■ **Given data**:
......

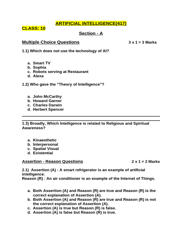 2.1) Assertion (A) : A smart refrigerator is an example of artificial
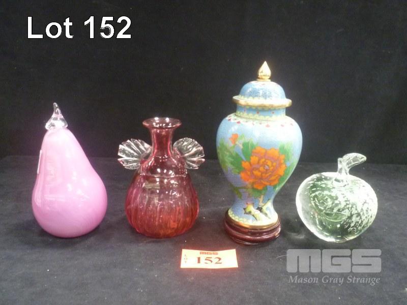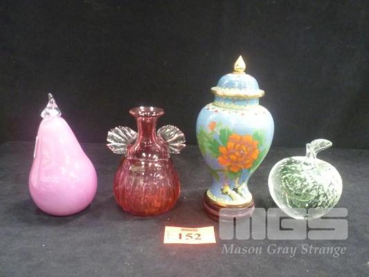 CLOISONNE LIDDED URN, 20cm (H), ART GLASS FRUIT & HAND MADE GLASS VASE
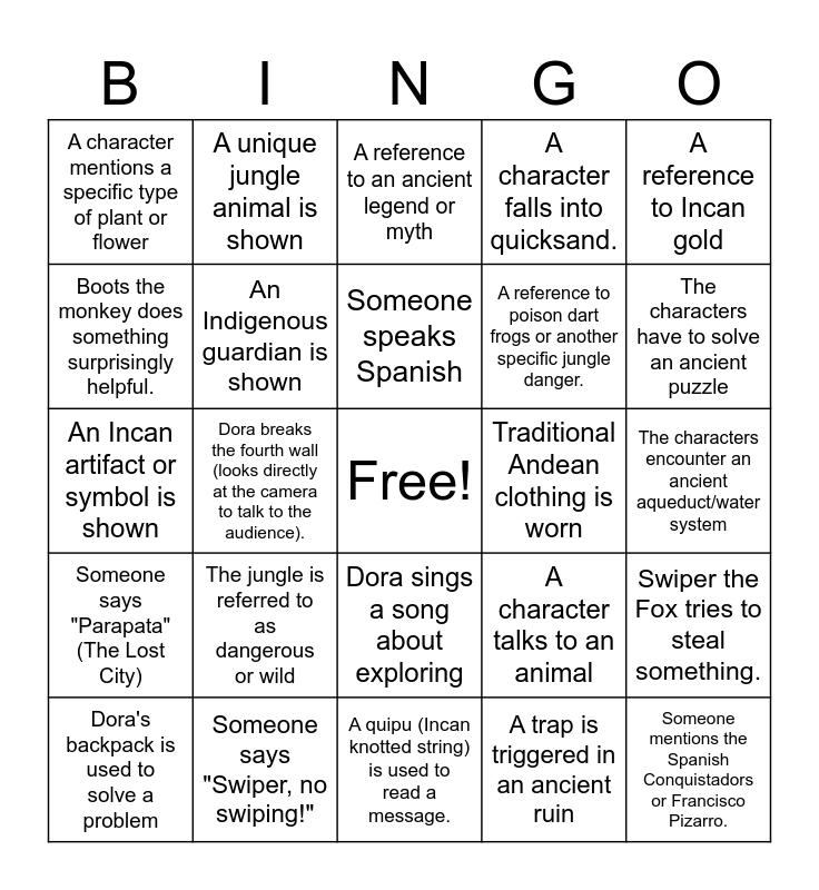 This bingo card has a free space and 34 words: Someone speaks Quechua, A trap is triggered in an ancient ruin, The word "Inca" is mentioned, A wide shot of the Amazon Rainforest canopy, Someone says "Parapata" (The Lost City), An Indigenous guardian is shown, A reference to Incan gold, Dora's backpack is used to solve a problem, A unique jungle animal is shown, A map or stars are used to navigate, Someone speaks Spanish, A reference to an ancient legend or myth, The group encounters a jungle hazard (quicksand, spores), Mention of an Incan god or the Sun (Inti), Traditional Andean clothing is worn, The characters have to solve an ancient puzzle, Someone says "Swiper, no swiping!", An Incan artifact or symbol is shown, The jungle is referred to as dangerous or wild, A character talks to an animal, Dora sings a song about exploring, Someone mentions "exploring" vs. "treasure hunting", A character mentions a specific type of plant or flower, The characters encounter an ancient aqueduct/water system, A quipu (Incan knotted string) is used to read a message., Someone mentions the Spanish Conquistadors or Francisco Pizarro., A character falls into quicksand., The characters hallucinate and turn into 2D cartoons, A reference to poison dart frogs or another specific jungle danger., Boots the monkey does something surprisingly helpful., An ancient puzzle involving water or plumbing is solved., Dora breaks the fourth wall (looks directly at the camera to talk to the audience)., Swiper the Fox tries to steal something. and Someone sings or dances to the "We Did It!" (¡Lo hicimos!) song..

......

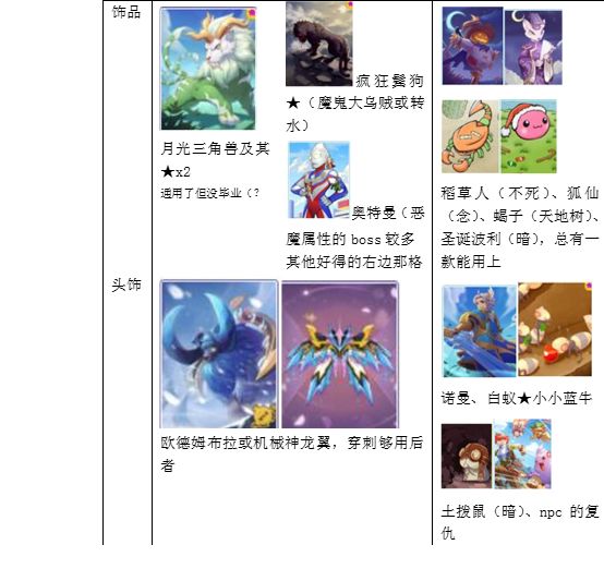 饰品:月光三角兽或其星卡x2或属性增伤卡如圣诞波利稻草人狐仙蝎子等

......

■ **What the exercise asks**:
Although the records above contain pictures, the copy should not; retype exactly the lines from the one containing "2.1) Assertion (A)" through the one containing "CLOISONNE LIDDED URN, 20cm".

■ **Response below**:
 2.1) Assertion (A) : A smart refrigerator is an example of artificial
 CLOISONNE LIDDED URN, 20cm (H), ART GLASS FRUIT & HAND MADE GLASS VASE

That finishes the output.